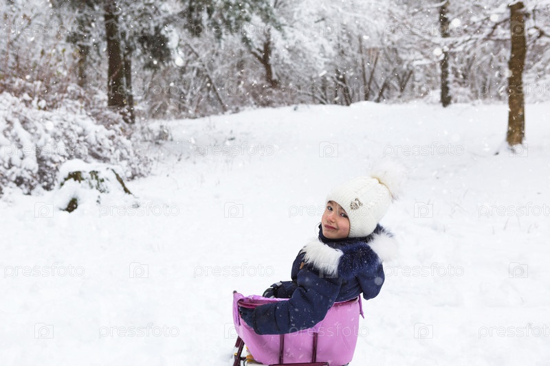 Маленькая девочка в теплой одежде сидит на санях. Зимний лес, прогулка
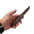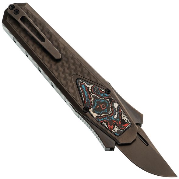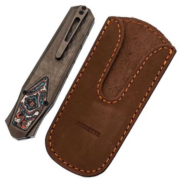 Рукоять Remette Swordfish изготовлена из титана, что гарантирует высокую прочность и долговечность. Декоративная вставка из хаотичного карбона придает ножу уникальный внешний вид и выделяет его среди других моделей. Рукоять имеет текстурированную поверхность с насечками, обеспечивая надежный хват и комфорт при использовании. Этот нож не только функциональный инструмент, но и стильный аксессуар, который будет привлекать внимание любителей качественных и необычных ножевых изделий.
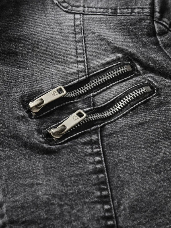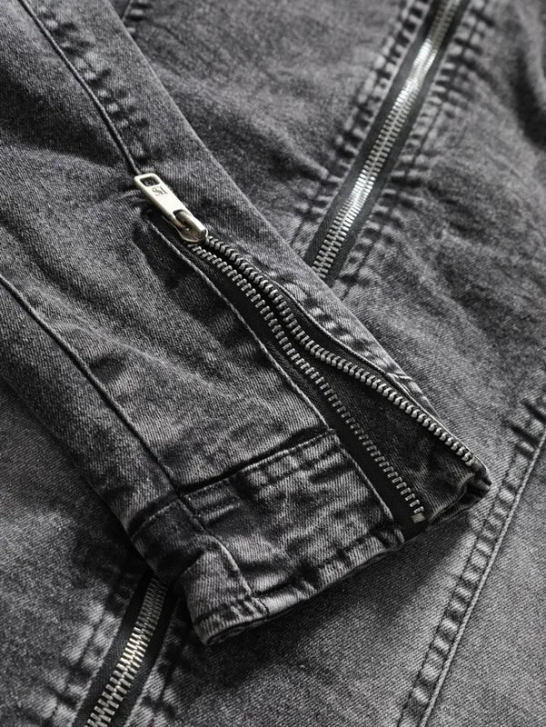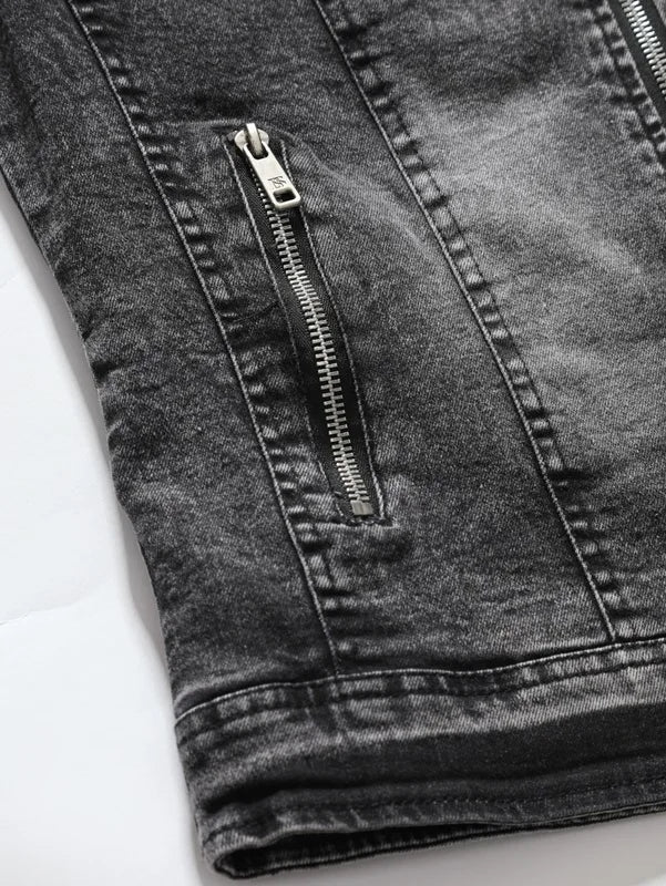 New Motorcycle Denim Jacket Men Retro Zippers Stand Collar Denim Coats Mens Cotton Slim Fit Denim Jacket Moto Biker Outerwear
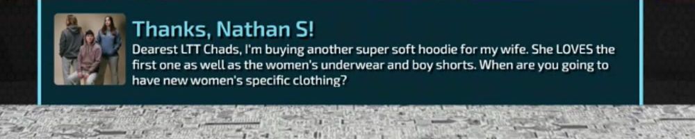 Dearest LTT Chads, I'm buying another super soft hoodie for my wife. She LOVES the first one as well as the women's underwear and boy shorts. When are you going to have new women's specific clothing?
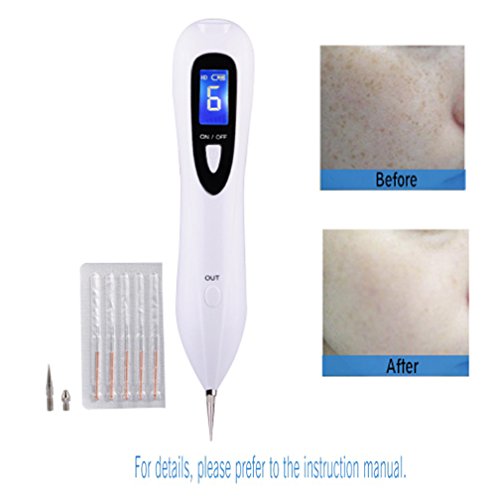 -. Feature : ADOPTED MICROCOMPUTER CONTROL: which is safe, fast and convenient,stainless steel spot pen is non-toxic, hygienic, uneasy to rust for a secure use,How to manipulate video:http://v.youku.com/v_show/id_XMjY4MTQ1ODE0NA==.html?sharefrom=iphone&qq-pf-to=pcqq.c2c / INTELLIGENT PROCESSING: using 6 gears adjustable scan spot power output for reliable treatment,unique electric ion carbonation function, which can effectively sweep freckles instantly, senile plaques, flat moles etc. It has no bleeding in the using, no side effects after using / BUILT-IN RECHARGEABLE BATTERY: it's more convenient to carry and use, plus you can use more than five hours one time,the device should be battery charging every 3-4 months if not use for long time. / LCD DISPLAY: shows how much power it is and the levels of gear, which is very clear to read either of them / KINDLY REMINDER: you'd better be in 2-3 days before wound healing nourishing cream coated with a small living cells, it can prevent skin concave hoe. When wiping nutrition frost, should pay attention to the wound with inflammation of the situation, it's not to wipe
--
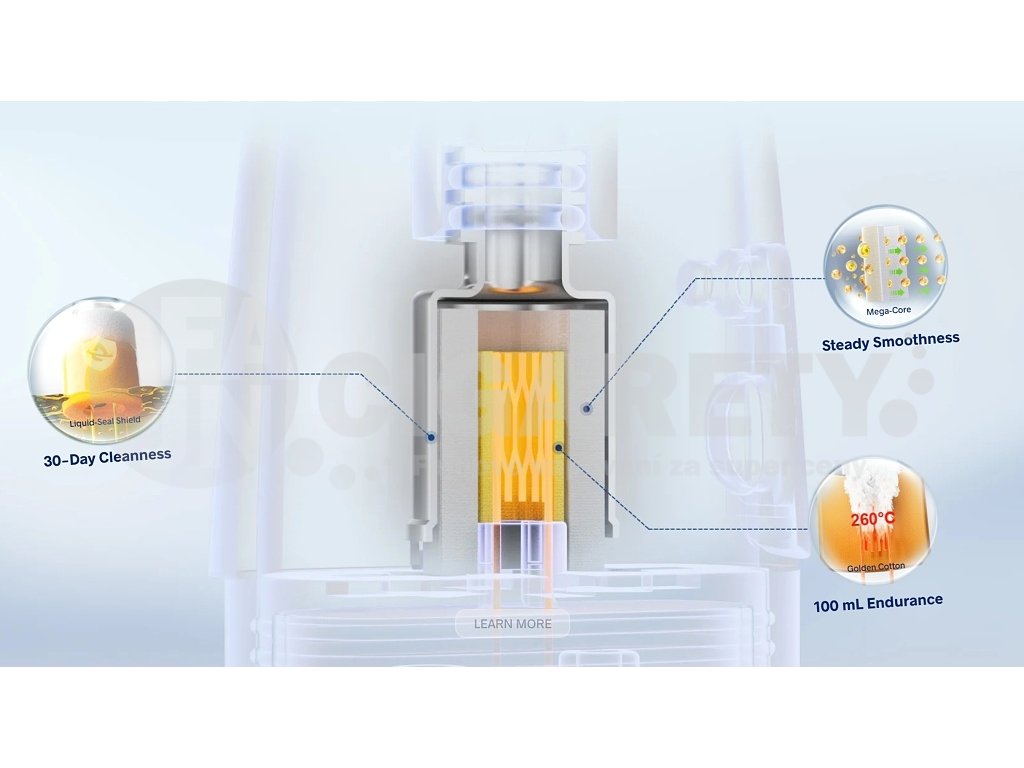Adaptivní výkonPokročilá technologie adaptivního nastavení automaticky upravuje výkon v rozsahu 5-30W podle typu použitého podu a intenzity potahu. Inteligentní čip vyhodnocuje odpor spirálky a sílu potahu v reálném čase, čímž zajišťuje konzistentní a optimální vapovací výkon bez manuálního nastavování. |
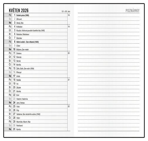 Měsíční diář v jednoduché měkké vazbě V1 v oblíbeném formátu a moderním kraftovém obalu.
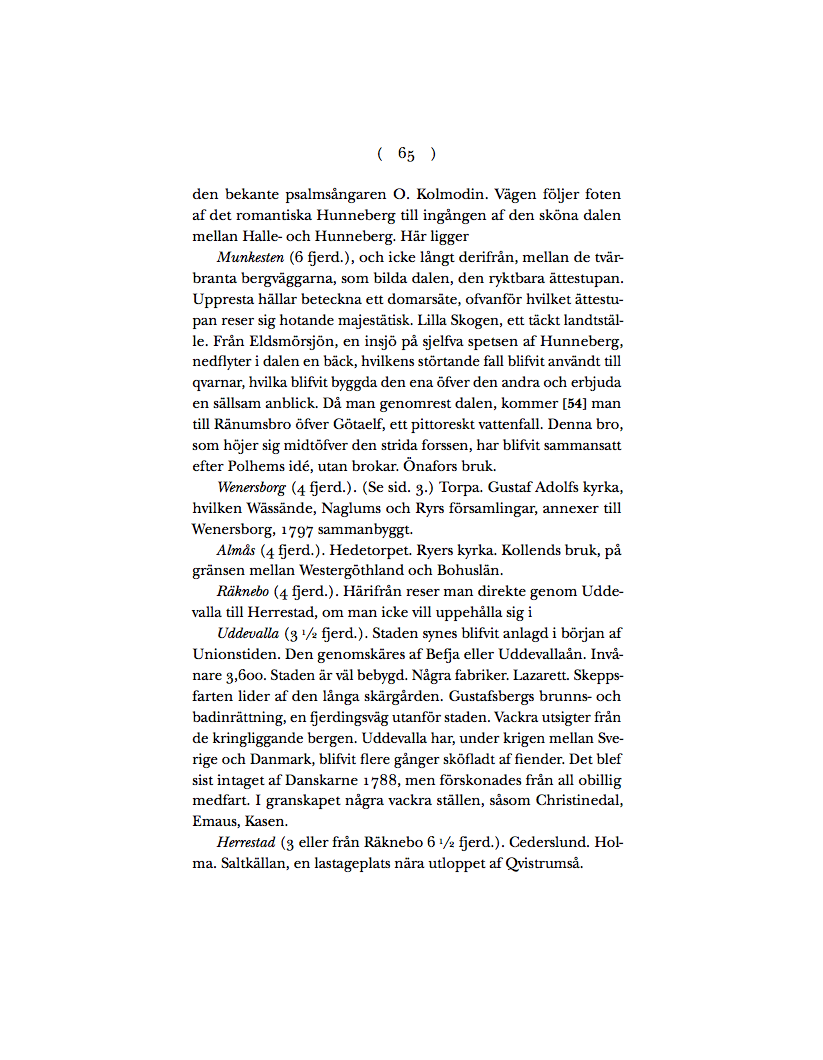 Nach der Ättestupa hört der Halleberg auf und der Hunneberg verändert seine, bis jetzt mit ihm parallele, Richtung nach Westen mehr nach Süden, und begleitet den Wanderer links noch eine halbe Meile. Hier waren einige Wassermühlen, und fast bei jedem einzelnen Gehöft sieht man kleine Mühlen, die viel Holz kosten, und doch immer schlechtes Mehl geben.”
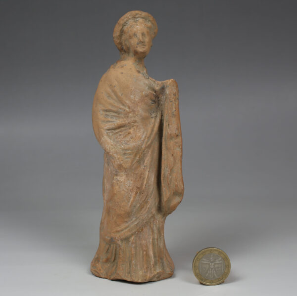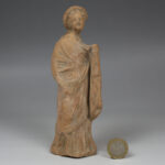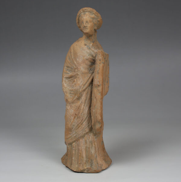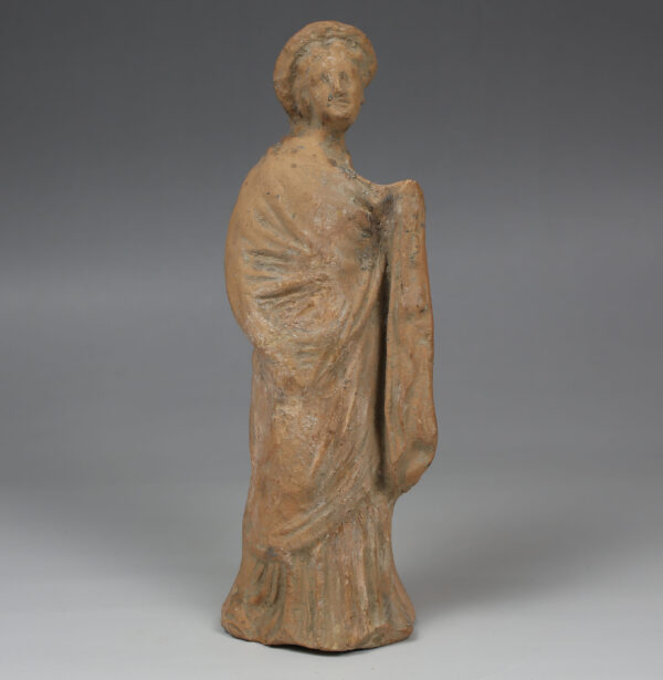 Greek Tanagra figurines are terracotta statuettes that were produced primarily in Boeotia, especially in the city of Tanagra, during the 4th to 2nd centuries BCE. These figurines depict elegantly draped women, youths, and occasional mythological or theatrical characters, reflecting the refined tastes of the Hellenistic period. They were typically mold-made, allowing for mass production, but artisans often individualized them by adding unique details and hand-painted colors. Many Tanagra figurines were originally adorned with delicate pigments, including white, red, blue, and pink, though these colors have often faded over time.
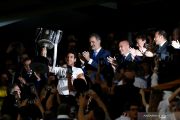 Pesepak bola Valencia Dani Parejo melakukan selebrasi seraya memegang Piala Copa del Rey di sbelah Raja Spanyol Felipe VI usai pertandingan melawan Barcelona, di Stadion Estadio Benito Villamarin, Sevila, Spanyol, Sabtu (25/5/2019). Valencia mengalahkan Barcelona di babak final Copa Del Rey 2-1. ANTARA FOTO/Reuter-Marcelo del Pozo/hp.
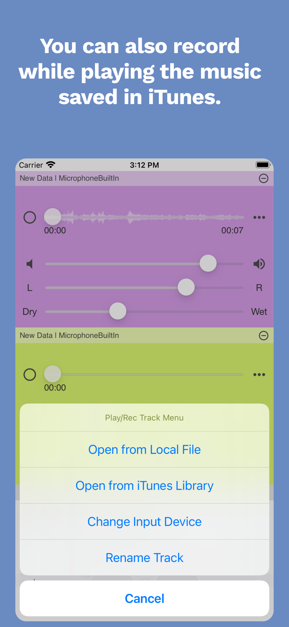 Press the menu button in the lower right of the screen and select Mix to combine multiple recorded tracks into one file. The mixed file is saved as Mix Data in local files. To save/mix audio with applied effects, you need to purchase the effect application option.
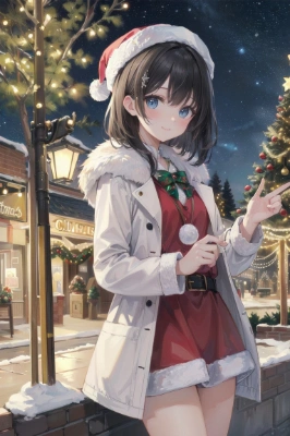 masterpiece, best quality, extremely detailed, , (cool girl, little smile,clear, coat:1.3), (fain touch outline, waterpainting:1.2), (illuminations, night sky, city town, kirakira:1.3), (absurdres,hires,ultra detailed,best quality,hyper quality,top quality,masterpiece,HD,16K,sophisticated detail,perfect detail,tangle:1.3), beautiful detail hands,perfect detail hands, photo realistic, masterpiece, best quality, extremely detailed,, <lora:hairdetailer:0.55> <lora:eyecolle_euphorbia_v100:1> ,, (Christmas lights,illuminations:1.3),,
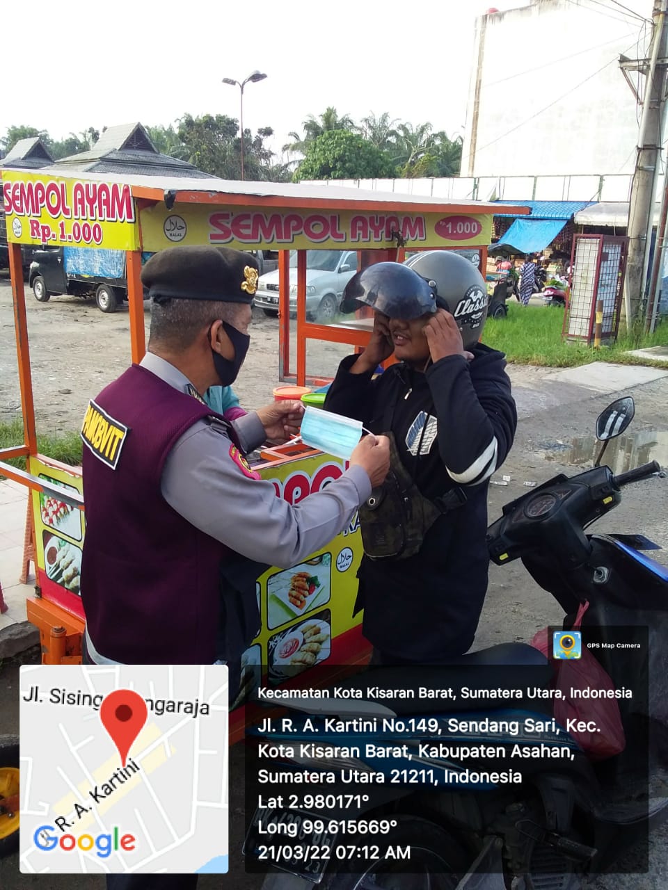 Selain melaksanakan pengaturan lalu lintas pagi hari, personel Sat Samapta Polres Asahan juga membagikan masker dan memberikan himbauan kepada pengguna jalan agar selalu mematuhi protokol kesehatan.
--
Start with the line above containing "Greek Tanagra figurines" and end with the line containing "Selain melaksanakan pengaturan". Set down that stretch exactly, without any pictures.

 Greek Tanagra figurines are terracotta statuettes that were produced primarily in Boeotia, especially in the city of Tanagra, during the 4th to 2nd centuries BCE. These figurines depict elegantly draped women, youths, and occasional mythological or theatrical characters, reflecting the refined tastes of the Hellenistic period. They were typically mold-made, allowing for mass production, but artisans often individualized them by adding unique details and hand-painted colors. Many Tanagra figurines were originally adorned with delicate pigments, including white, red, blue, and pink, though these colors have often faded over time.
 Pesepak bola Valencia Dani Parejo melakukan selebrasi seraya memegang Piala Copa del Rey di sbelah Raja Spanyol Felipe VI usai pertandingan melawan Barcelona, di Stadion Estadio Benito Villamarin, Sevila, Spanyol, Sabtu (25/5/2019). Valencia mengalahkan Barcelona di babak final Copa Del Rey 2-1. ANTARA FOTO/Reuter-Marcelo del Pozo/hp.
 Press the menu button in the lower right of the screen and select Mix to combine multiple recorded tracks into one file. The mixed file is saved as Mix Data in local files. To save/mix audio with applied effects, you need to purchase the effect application option.
 masterpiece, best quality, extremely detailed, , (cool girl, little smile,clear, coat:1.3), (fain touch outline, waterpainting:1.2), (illuminations, night sky, city town, kirakira:1.3), (absurdres,hires,ultra detailed,best quality,hyper quality,top quality,masterpiece,HD,16K,sophisticated detail,perfect detail,tangle:1.3), beautiful detail hands,perfect detail hands, photo realistic, masterpiece, best quality, extremely detailed,, <lora:hairdetailer:0.55> <lora:eyecolle_euphorbia_v100:1> ,, (Christmas lights,illuminations:1.3),,
 Selain melaksanakan pengaturan lalu lintas pagi hari, personel Sat Samapta Polres Asahan juga membagikan masker dan memberikan himbauan kepada pengguna jalan agar selalu mematuhi protokol kesehatan.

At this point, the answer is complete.